(Excerpts from a dataset)
+++++
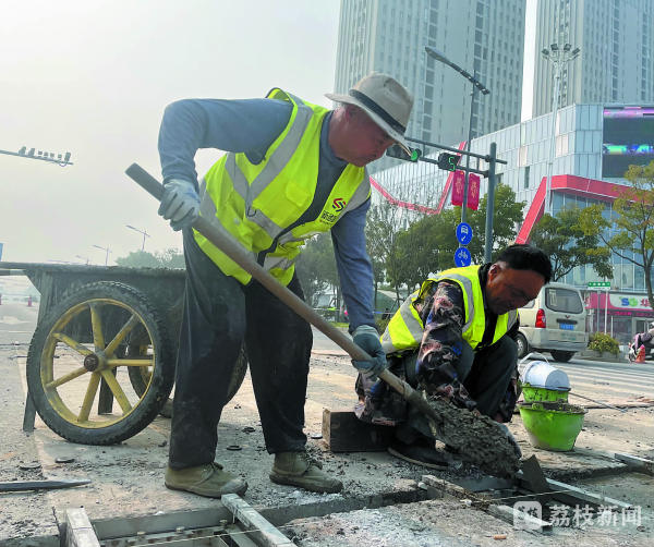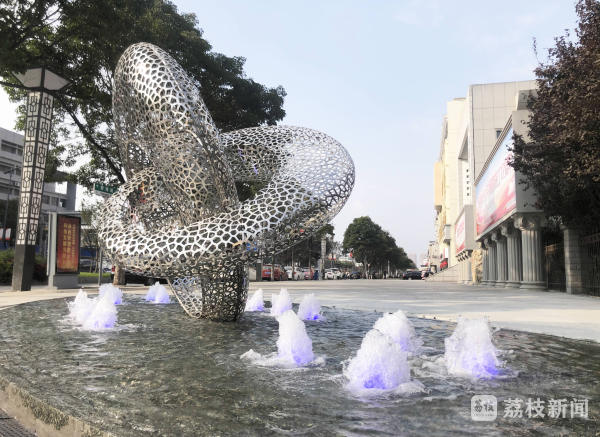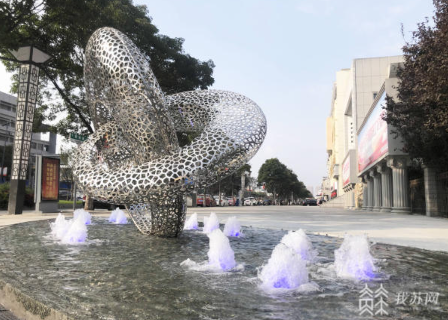“晚上走在淮河路,有流光溢彩的雕塑小品,有转角休憩的长廊,有随着音乐跳动的喷泉,还有会发光的斑马线,真漂亮!”11月2日晚,打造中的盐城市响水县淮河路网红街上,新架设的路灯、干净清爽的彩色路面、粉刷一新的墙体外立面,让住在附近的居民张文娟不住称赞。
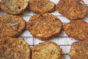 Ora, passate le melanzane prima nelle uova sbattute in precedenza e poi nella miscela di pangrattato. Scaldate abbastanza olio di semi in una padella anti aderente e cucinate le vostre melanzane impanate su entrambi i lati per qualche minuto fin quando non risulteranno dorate. Appena saranno pronte adagiate per qualche minuto su carta da cucina assorbente e servite.
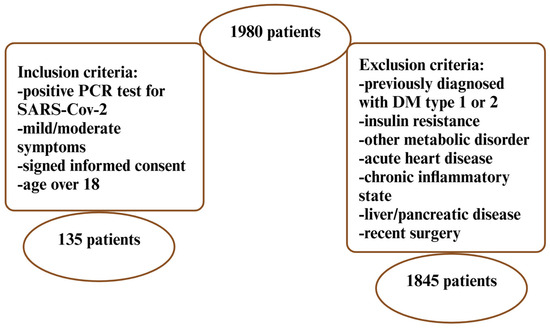 Inclusion/exclusion criteria (created with BioRender.com). Abbreviations: PCR—polymerase chain reaction; SARS-CoV-2—severe acute respiratory syndrome coronavirus 2; DM—diabetes mellitus.
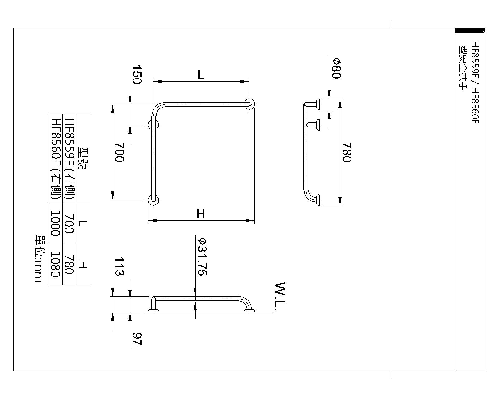 L型安全扶手HF8560F(W700xH1000mm) NT$ 8,200
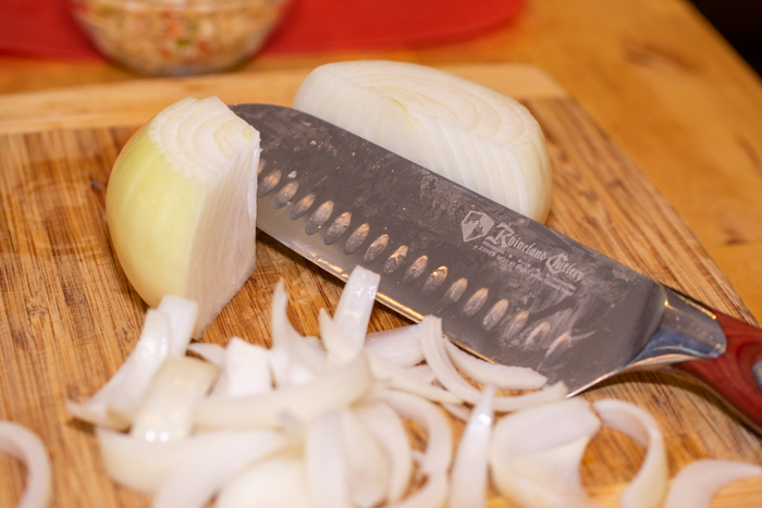Slice your onions. I choose strips for this dish. Cut off the ends of the onion. Set the onion on one of the cut ends and cut it in half. Then cut strips working around each half-moon of the onion.
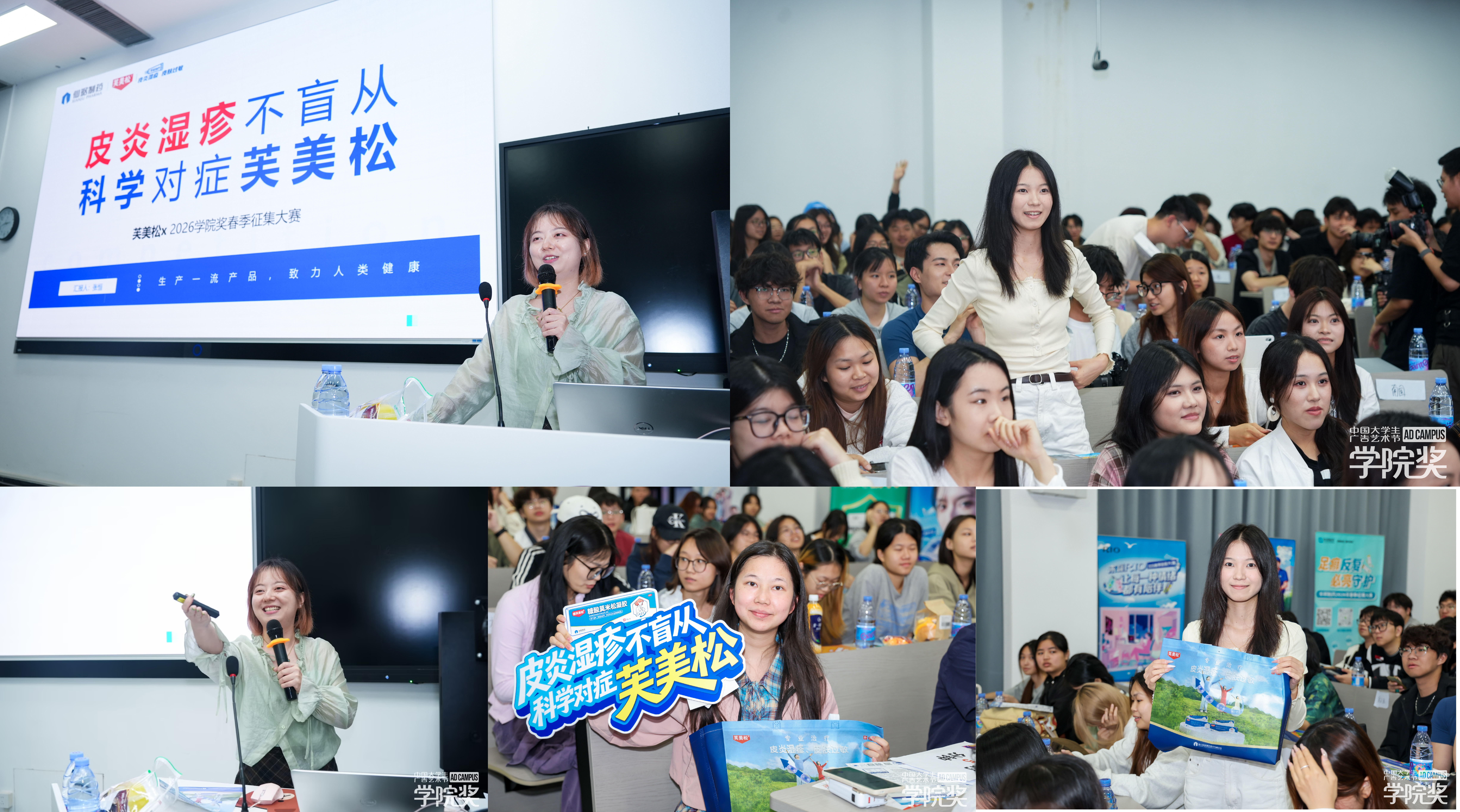 活动现场,浙江仙琚制药OTC市场部产品经理张恒以极具代入感的大学场景切入,瞬间拉近了与学生的距离。围绕“皮炎湿疹不盲从,科学对症芙美松”的主题,她用年轻人听得懂的语言,打破皮肤病和皮炎湿疹用药的常见误区,阐释了芙美松作为皮炎湿疹一线用药的专业地位与剂型优势,以科学的配比守护青年皮肤的美丽状态。
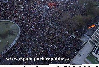 El sábado se llevó a cabo la mayor manifestación de la historia de España, según los organizadores más de dos millones y medio de personas, según la prensa extranjera entre un millón y millón y medio de personas, manifestándose pacíficamente contra los criminales recortes del corrupto Reino de España, según los manifestantes dos millones y medio, según la policía 36.000 individuos, según El País 50.000 personas, según el ABC y la Razón unos 1500 radicales violentos.
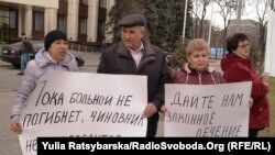 «Проведення тендерів на закупівлю спеціального розчину для діалізу ставить хворих в жахливі умови. Проведення тендеру затягується з лютого, а вже на четвертий день без діалізу люди погано себе почувають», – сказала координаторка акції Світлана.
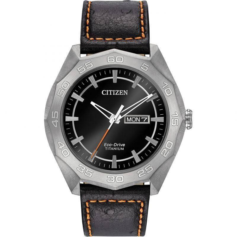 Citizen gents titanium watch with a round black baton dial with a day and date window on a black leather strap with orange stitching. It is all about design with the newest models in the Citizen Titanium family. Sculpted from a single piece of titanium, this Super Titanium™ timepiece is 40% lighter than stainless steel and 5 times harder to resist scratches. This watch has an eco drive movement so is powered by light and will never need a battery and comes with an official Citizen 5 year warranty.
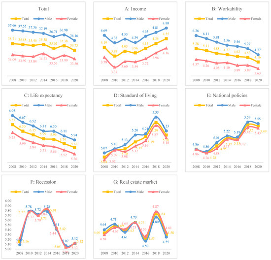 Trend of the seven domains of subjective expectation of the future by sex from 2008 to 2020.
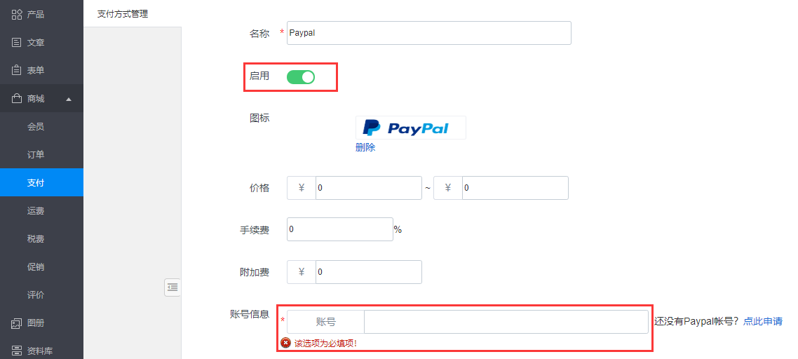 3.设置PayPal,点“启用”按钮,并把之前注册好的PayPal账号填写到“账号信息”编辑框内,价格区间、手续费、附加费可根据实际情况进行填写,最后点击保存即可。
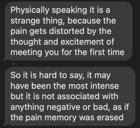 Maybe our brains just aren’t made to store the visceral memory of pain for very long. Just the emotional memory of pain. If we feel the pain is justified (the emotions are not negative), than the pain seems secondary. And even there, we can play an active role in how we perceive things, because it is up to you to decide what it’s worth.
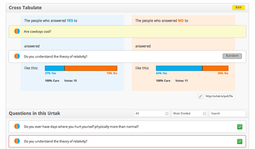 Urtak permet ainsi de savoir ce que les autres pensent mais aussi de poser des questions auxquelles on aurait peut être pas pensé. Les gens aiment donner leur opinion et avec Urtak c’est encore plus simple de le faire : Oui, non, ça ne m’intéresse pas.
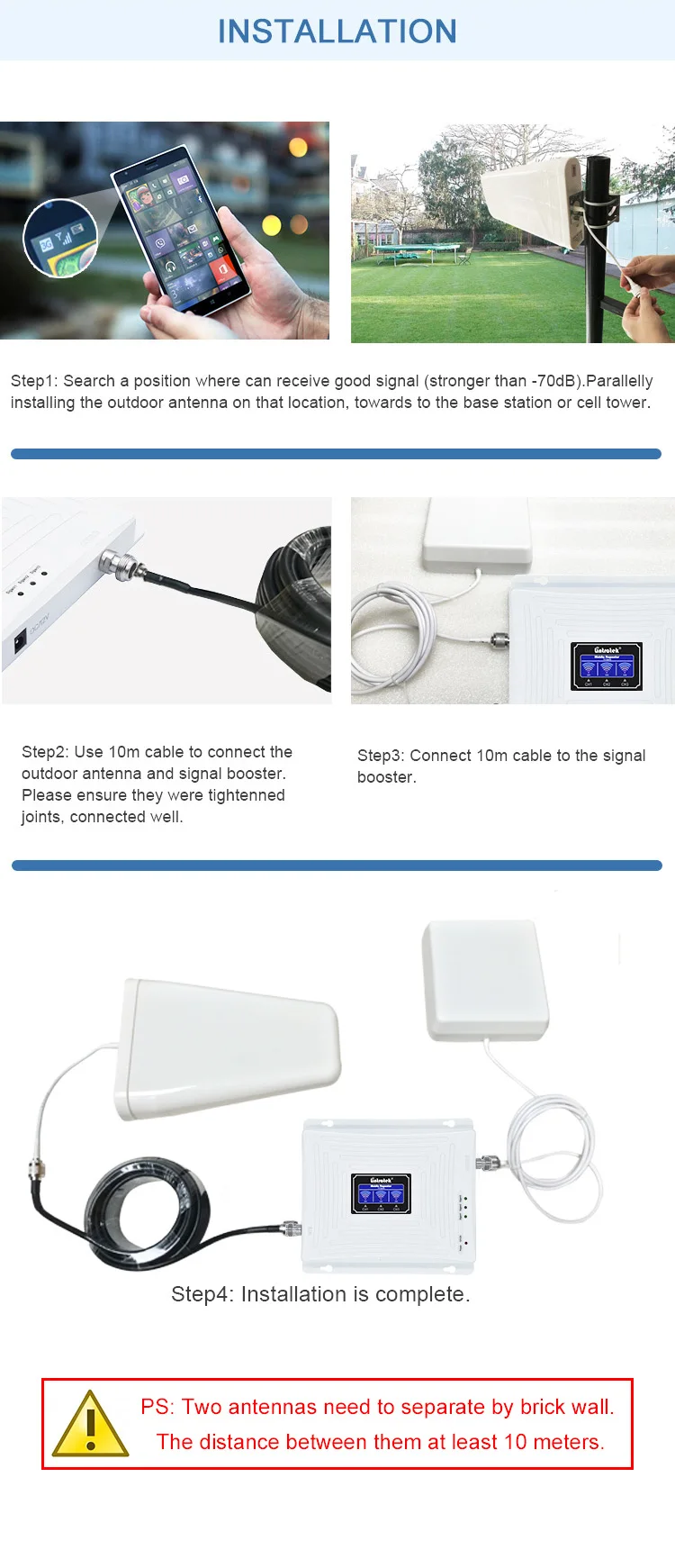 Комплект изготовлен из хороших материалов, в каждой части, антенна, кабель, корпус твердого металлического приемника, широкий дисплей с тремя сигналами, GSM,3g и 4G. Istallation действительно trivial, также кабели и разъемы являются качественными, после подключения и включения вам не придется делать другой, важно и место антенны, где получает хорошее, чтобы получить хороший сигнал в вашем доме. Для нас бесшумно размножается на 2 этажах дома и всей поверхности, которая составляет 150 кв. М. Действительно удовлетворенный продукт, который прибыл в течение 3/4 дней, он изменился с тех пор, как я телефон был мертвым :) надеюсь, трудно!
+++++
Transcribe every record above exactly as written, leaving out any pictures.

* [Result of the task]
“晚上走在淮河路,有流光溢彩的雕塑小品,有转角休憩的长廊,有随着音乐跳动的喷泉,还有会发光的斑马线,真漂亮!”11月2日晚,打造中的盐城市响水县淮河路网红街上,新架设的路灯、干净清爽的彩色路面、粉刷一新的墙体外立面,让住在附近的居民张文娟不住称赞。
 Ora, passate le melanzane prima nelle uova sbattute in precedenza e poi nella miscela di pangrattato. Scaldate abbastanza olio di semi in una padella anti aderente e cucinate le vostre melanzane impanate su entrambi i lati per qualche minuto fin quando non risulteranno dorate. Appena saranno pronte adagiate per qualche minuto su carta da cucina assorbente e servite.
 Inclusion/exclusion criteria (created with BioRender.com). Abbreviations: PCR—polymerase chain reaction; SARS-CoV-2—severe acute respiratory syndrome coronavirus 2; DM—diabetes mellitus.
 L型安全扶手HF8560F(W700xH1000mm) NT$ 8,200
Slice your onions. I choose strips for this dish. Cut off the ends of the onion. Set the onion on one of the cut ends and cut it in half. Then cut strips working around each half-moon of the onion.
 活动现场,浙江仙琚制药OTC市场部产品经理张恒以极具代入感的大学场景切入,瞬间拉近了与学生的距离。围绕“皮炎湿疹不盲从,科学对症芙美松”的主题,她用年轻人听得懂的语言,打破皮肤病和皮炎湿疹用药的常见误区,阐释了芙美松作为皮炎湿疹一线用药的专业地位与剂型优势,以科学的配比守护青年皮肤的美丽状态。
 El sábado se llevó a cabo la mayor manifestación de la historia de España, según los organizadores más de dos millones y medio de personas, según la prensa extranjera entre un millón y millón y medio de personas, manifestándose pacíficamente contra los criminales recortes del corrupto Reino de España, según los manifestantes dos millones y medio, según la policía 36.000 individuos, según El País 50.000 personas, según el ABC y la Razón unos 1500 radicales violentos.
 «Проведення тендерів на закупівлю спеціального розчину для діалізу ставить хворих в жахливі умови. Проведення тендеру затягується з лютого, а вже на четвертий день без діалізу люди погано себе почувають», – сказала координаторка акції Світлана.
 Citizen gents titanium watch with a round black baton dial with a day and date window on a black leather strap with orange stitching. It is all about design with the newest models in the Citizen Titanium family. Sculpted from a single piece of titanium, this Super Titanium™ timepiece is 40% lighter than stainless steel and 5 times harder to resist scratches. This watch has an eco drive movement so is powered by light and will never need a battery and comes with an official Citizen 5 year warranty.
 Trend of the seven domains of subjective expectation of the future by sex from 2008 to 2020.
 3.设置PayPal,点“启用”按钮,并把之前注册好的PayPal账号填写到“账号信息”编辑框内,价格区间、手续费、附加费可根据实际情况进行填写,最后点击保存即可。
 Maybe our brains just aren’t made to store the visceral memory of pain for very long. Just the emotional memory of pain. If we feel the pain is justified (the emotions are not negative), than the pain seems secondary. And even there, we can play an active role in how we perceive things, because it is up to you to decide what it’s worth.
 Urtak permet ainsi de savoir ce que les autres pensent mais aussi de poser des questions auxquelles on aurait peut être pas pensé. Les gens aiment donner leur opinion et avec Urtak c’est encore plus simple de le faire : Oui, non, ça ne m’intéresse pas.
 Комплект изготовлен из хороших материалов, в каждой части, антенна, кабель, корпус твердого металлического приемника, широкий дисплей с тремя сигналами, GSM,3g и 4G. Istallation действительно trivial, также кабели и разъемы являются качественными, после подключения и включения вам не придется делать другой, важно и место антенны, где получает хорошее, чтобы получить хороший сигнал в вашем доме. Для нас бесшумно размножается на 2 этажах дома и всей поверхности, которая составляет 150 кв. М. Действительно удовлетворенный продукт, который прибыл в течение 3/4 дней, он изменился с тех пор, как я телефон был мертвым :) надеюсь, трудно!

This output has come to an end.